В 1871 году появляется труд Максимова в трех томах под названием «Сибирь и каторга», имеющий бесценное историческое значение. Написанная талантливо, являя собой не только социальное значение, «Сибирь и каторга» поведала о муках и страданиях пламенных борцов государства российского, жаждущих коренного обновления жизни своей родины и в большинстве своем павших в борьбе за лучшую долю.
«Слова и иллюзии гибнут, факты остаются», — сказал молодой и талантливый критик Писарев. Вот почему труд Максимова, которым он и сам гордился, не забыт до сих пор и служит верно и неизменно историкам, исследователям, да и читателям, пусть и неширокого круга.
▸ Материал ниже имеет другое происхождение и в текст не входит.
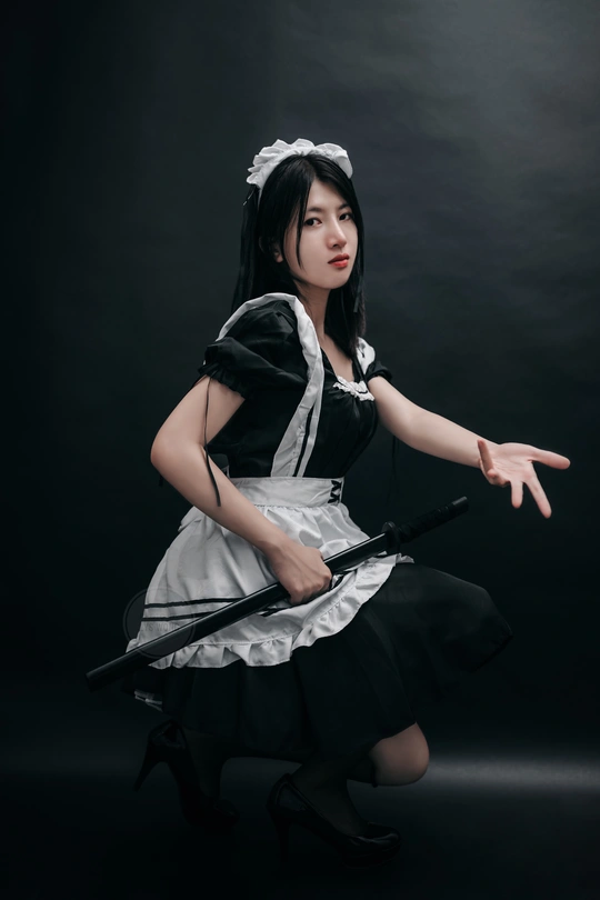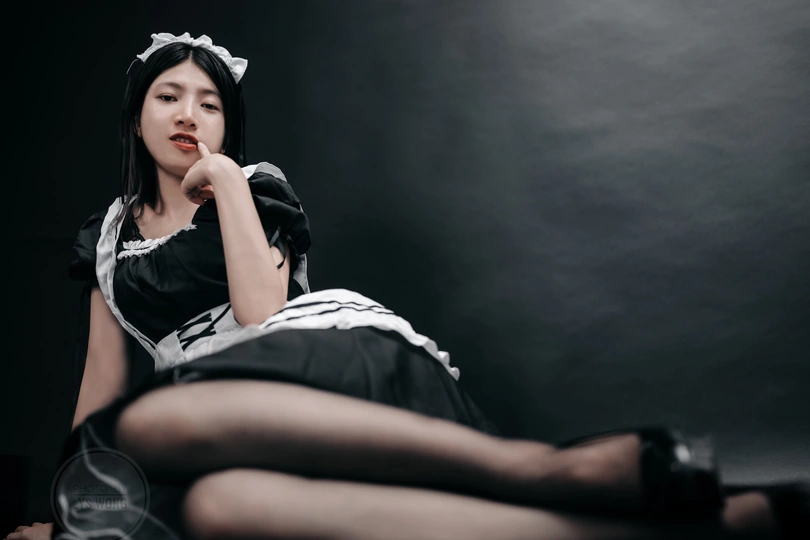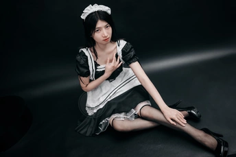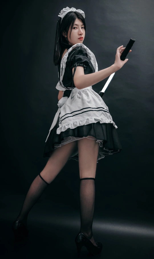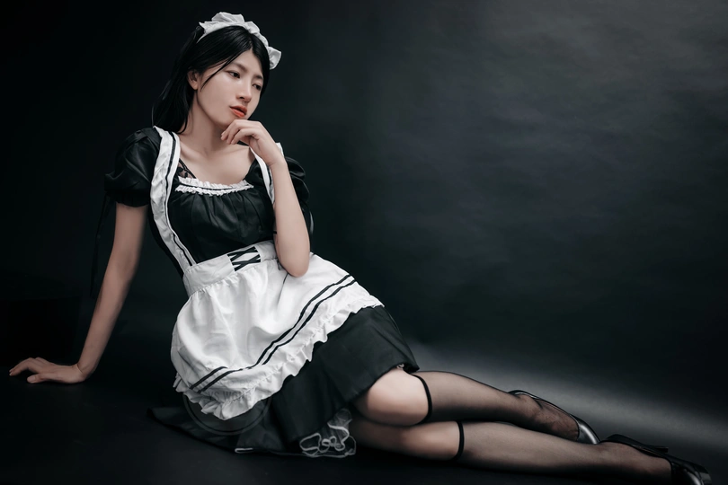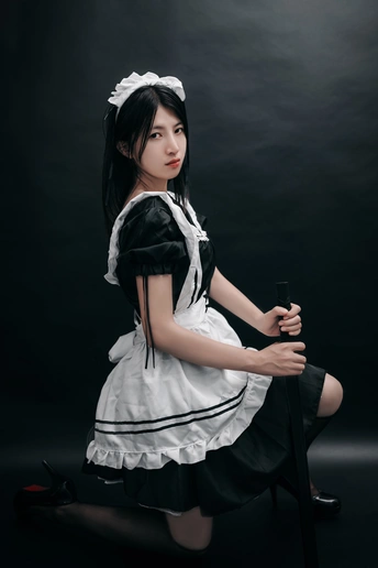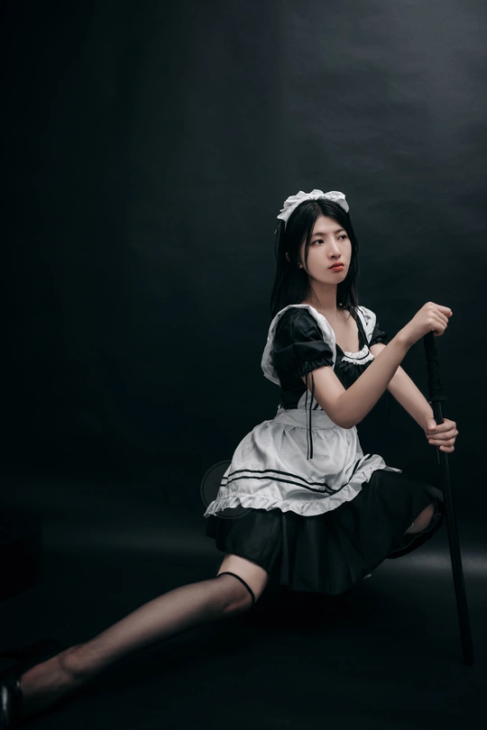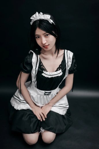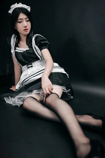 黑背景,黑丝,女仆装。[喜欢][喜欢]

И все-таки, несмотря на широкую известность, беспрерывное печатание статей, очерков в газетах и журналах, застенчивый до удивления и скромный писатель не может свести концы с концами и содержать свою довольно уже большую семью на свои гонорары. Он ищет службу, чтобы иметь постоянный твердый заработок, и по протекции своих литературных друзей становится редактором «Ведомостей Санкт-Петербургского градоначальства», где и прослужил тридцать лет, не зная ни дня, ни ночи, и постепенно, помимо «модной» болезни интеллигенции той поры — чахотки, заболевает и чисто русским, злым недугом — пьет горькую.
Ну и как все пьющие, добродушные характером люди, Максимов, по его выражению, любил во хмелю «пошебаршить» — выражаться, причем ругательства у него сыпались безо всякой причины и злобы, от вечного нашего национального ухарства.
Василий Курочкин вспоминал, что изумительный рассказчик, друг его Максимов, без труда овладевал в разговорах любой компанией: никогда не повторялся, великолепно владел юмором и сам простодушно смеялся со своими слушателями, но, замолкнув на полуслове, мог он совершенно неожиданно для всех уснуть «каменным сном», а, поспавши немного, был снова весел, насмешлив и светел умом.